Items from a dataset

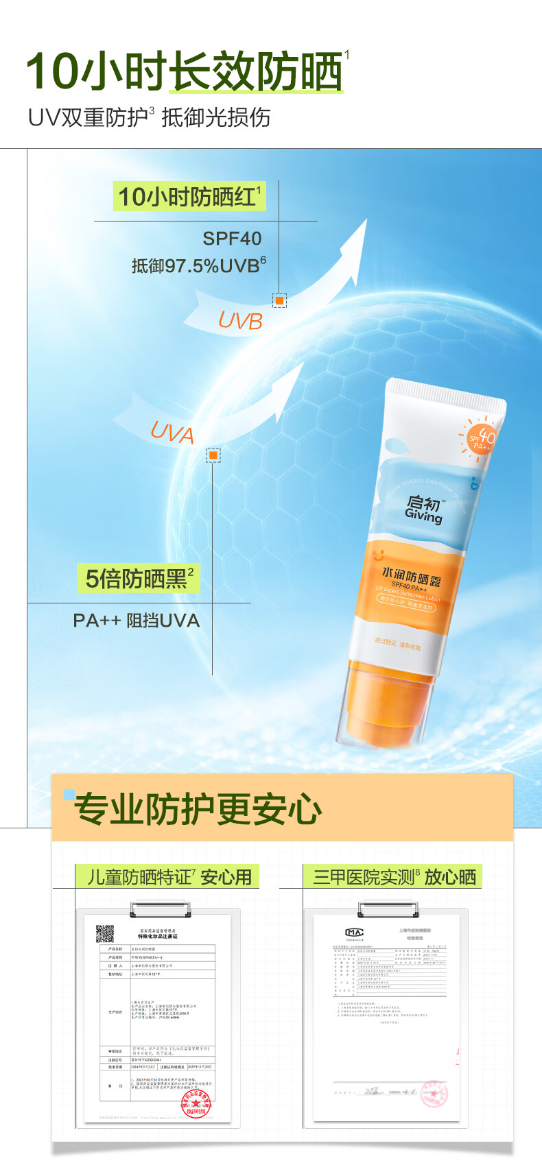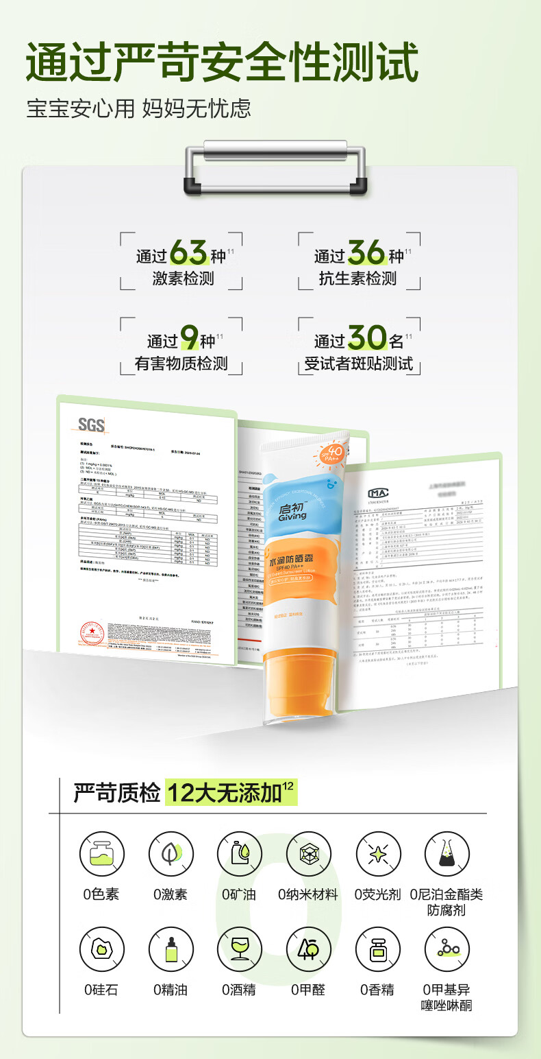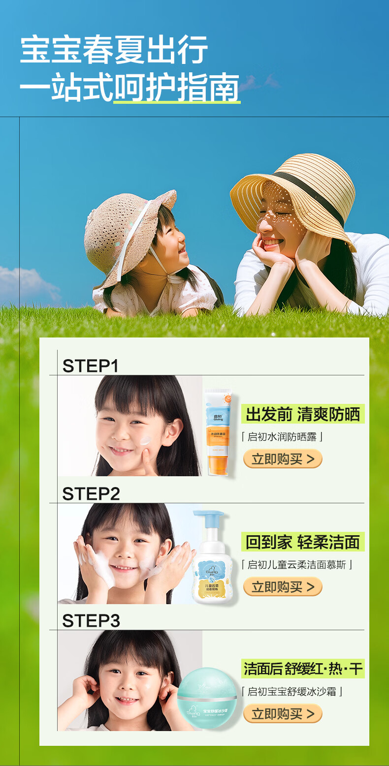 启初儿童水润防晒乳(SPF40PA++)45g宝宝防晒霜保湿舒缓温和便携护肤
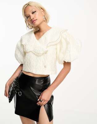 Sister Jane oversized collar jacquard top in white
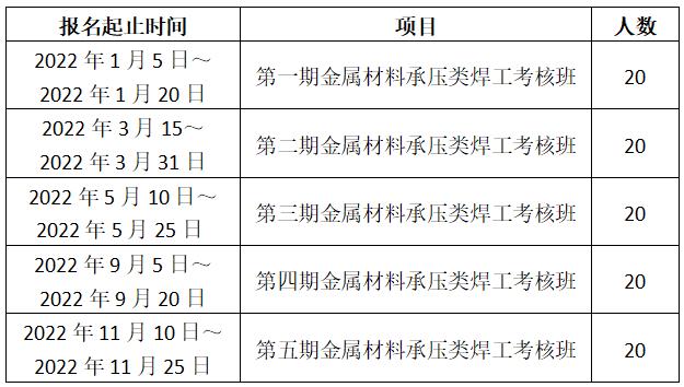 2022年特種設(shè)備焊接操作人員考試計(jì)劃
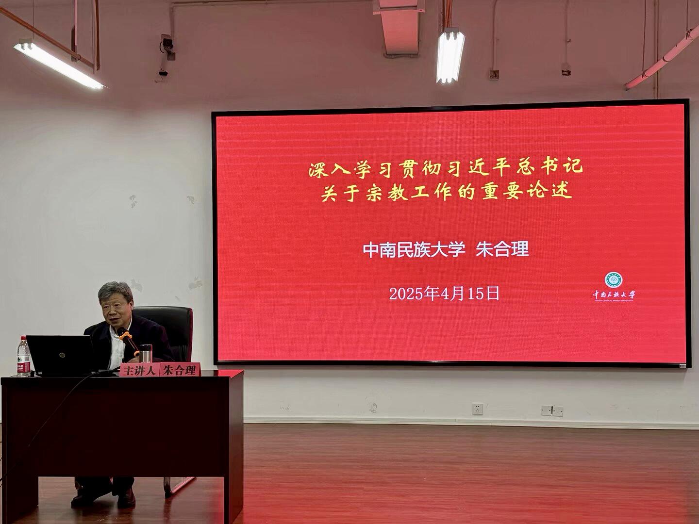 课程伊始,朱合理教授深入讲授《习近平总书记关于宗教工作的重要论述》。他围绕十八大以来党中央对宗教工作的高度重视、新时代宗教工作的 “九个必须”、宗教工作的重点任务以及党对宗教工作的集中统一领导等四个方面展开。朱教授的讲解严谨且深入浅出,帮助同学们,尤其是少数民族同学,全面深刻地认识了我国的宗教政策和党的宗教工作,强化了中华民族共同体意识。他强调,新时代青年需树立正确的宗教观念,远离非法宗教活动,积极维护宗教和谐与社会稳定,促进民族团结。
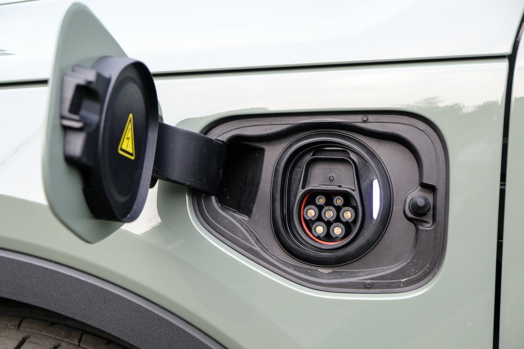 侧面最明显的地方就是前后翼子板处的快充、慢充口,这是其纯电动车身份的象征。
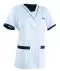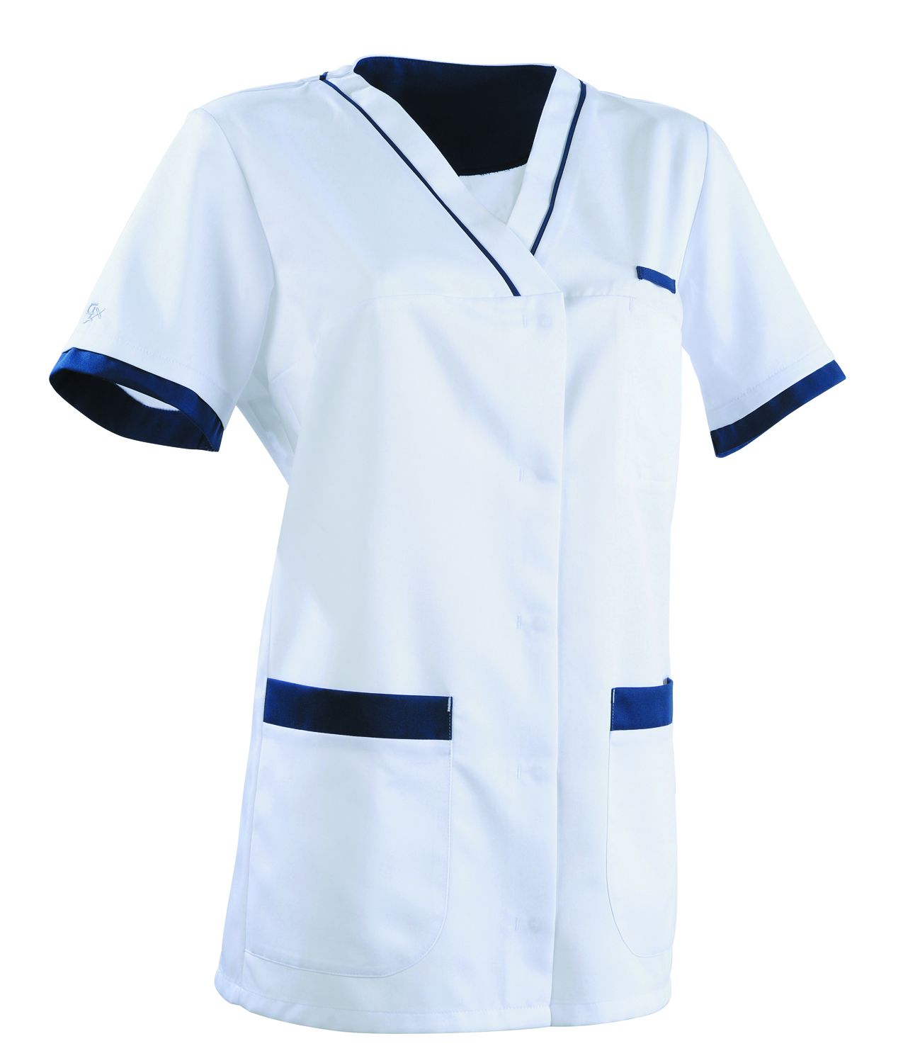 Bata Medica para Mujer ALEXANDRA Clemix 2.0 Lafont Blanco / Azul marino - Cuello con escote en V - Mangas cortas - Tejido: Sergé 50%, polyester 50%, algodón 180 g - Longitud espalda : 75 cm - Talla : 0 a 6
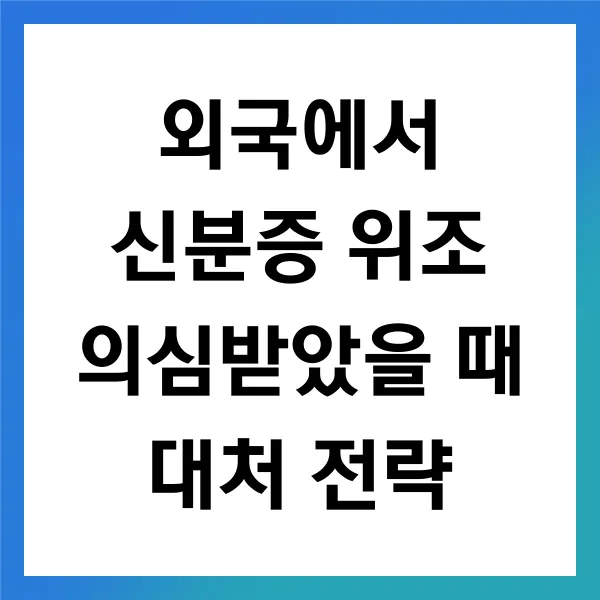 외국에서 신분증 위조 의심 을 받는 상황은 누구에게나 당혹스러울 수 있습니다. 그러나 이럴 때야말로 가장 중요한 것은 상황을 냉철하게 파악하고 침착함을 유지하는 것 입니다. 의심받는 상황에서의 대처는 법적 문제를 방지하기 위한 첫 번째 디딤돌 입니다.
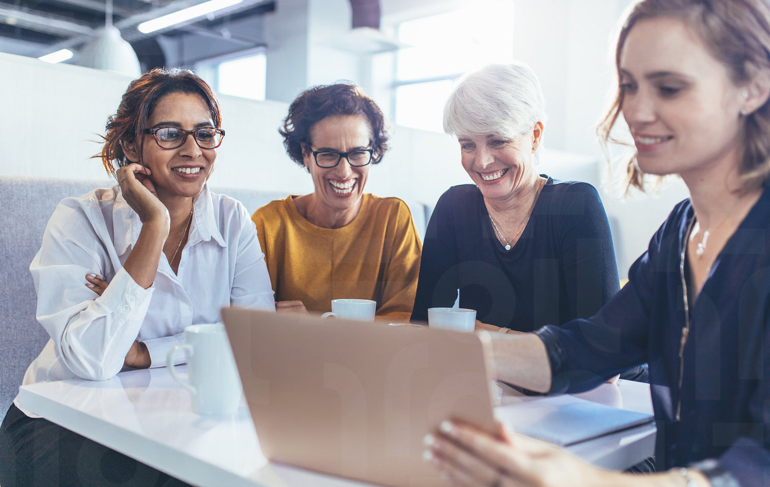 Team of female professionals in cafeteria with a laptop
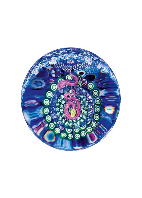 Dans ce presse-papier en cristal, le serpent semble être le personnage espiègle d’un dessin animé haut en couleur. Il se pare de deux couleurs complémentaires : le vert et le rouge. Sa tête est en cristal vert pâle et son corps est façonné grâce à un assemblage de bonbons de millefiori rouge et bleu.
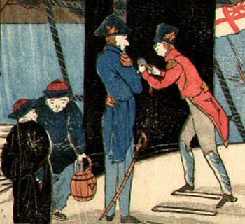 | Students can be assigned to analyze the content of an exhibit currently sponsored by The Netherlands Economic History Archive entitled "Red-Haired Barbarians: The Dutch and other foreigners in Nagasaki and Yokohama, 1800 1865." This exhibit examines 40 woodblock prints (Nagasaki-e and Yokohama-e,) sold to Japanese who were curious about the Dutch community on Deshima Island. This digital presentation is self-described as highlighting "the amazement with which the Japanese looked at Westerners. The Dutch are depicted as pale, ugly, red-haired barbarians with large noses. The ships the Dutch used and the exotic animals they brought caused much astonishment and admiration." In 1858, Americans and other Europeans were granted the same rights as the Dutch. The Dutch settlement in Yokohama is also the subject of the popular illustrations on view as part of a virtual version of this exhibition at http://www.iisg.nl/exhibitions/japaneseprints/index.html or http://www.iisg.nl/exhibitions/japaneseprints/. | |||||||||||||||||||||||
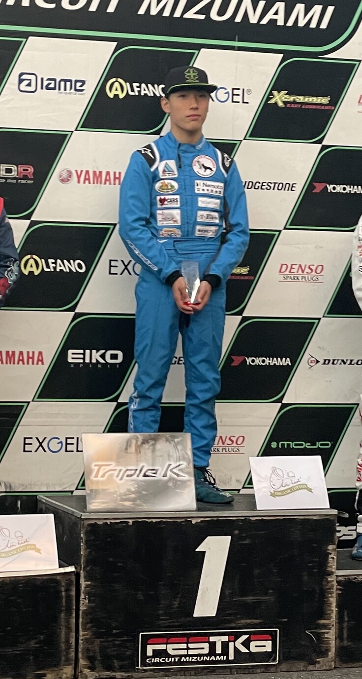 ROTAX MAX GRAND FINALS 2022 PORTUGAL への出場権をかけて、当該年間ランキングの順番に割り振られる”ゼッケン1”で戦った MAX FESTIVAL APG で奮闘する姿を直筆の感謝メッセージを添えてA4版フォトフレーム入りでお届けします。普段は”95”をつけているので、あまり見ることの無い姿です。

PROMPT => Copy every record exactly, without the pictures.

SOLVED EXERCISE =>
 启初儿童水润防晒乳(SPF40PA++)45g宝宝防晒霜保湿舒缓温和便携护肤
 Sister Jane oversized collar jacquard top in white
 2022年特種設(shè)備焊接操作人員考試計(jì)劃
 课程伊始,朱合理教授深入讲授《习近平总书记关于宗教工作的重要论述》。他围绕十八大以来党中央对宗教工作的高度重视、新时代宗教工作的 “九个必须”、宗教工作的重点任务以及党对宗教工作的集中统一领导等四个方面展开。朱教授的讲解严谨且深入浅出,帮助同学们,尤其是少数民族同学,全面深刻地认识了我国的宗教政策和党的宗教工作,强化了中华民族共同体意识。他强调,新时代青年需树立正确的宗教观念,远离非法宗教活动,积极维护宗教和谐与社会稳定,促进民族团结。
 侧面最明显的地方就是前后翼子板处的快充、慢充口,这是其纯电动车身份的象征。
 Bata Medica para Mujer ALEXANDRA Clemix 2.0 Lafont Blanco / Azul marino - Cuello con escote en V - Mangas cortas - Tejido: Sergé 50%, polyester 50%, algodón 180 g - Longitud espalda : 75 cm - Talla : 0 a 6
 외국에서 신분증 위조 의심 을 받는 상황은 누구에게나 당혹스러울 수 있습니다. 그러나 이럴 때야말로 가장 중요한 것은 상황을 냉철하게 파악하고 침착함을 유지하는 것 입니다. 의심받는 상황에서의 대처는 법적 문제를 방지하기 위한 첫 번째 디딤돌 입니다.
 Team of female professionals in cafeteria with a laptop
 Dans ce presse-papier en cristal, le serpent semble être le personnage espiègle d’un dessin animé haut en couleur. Il se pare de deux couleurs complémentaires : le vert et le rouge. Sa tête est en cristal vert pâle et son corps est façonné grâce à un assemblage de bonbons de millefiori rouge et bleu.
 | Students can be assigned to analyze the content of an exhibit currently sponsored by The Netherlands Economic History Archive entitled "Red-Haired Barbarians: The Dutch and other foreigners in Nagasaki and Yokohama, 1800 1865." This exhibit examines 40 woodblock prints (Nagasaki-e and Yokohama-e,) sold to Japanese who were curious about the Dutch community on Deshima Island. This digital presentation is self-described as highlighting "the amazement with which the Japanese looked at Westerners. The Dutch are depicted as pale, ugly, red-haired barbarians with large noses. The ships the Dutch used and the exotic animals they brought caused much astonishment and admiration." In 1858, Americans and other Europeans were granted the same rights as the Dutch. The Dutch settlement in Yokohama is also the subject of the popular illustrations on view as part of a virtual version of this exhibition at http://www.iisg.nl/exhibitions/japaneseprints/index.html or http://www.iisg.nl/exhibitions/japaneseprints/. | |||||||||||||||||||||||
 ROTAX MAX GRAND FINALS 2022 PORTUGAL への出場権をかけて、当該年間ランキングの順番に割り振られる”ゼッケン1”で戦った MAX FESTIVAL APG で奮闘する姿を直筆の感謝メッセージを添えてA4版フォトフレーム入りでお届けします。普段は”95”をつけているので、あまり見ることの無い姿です。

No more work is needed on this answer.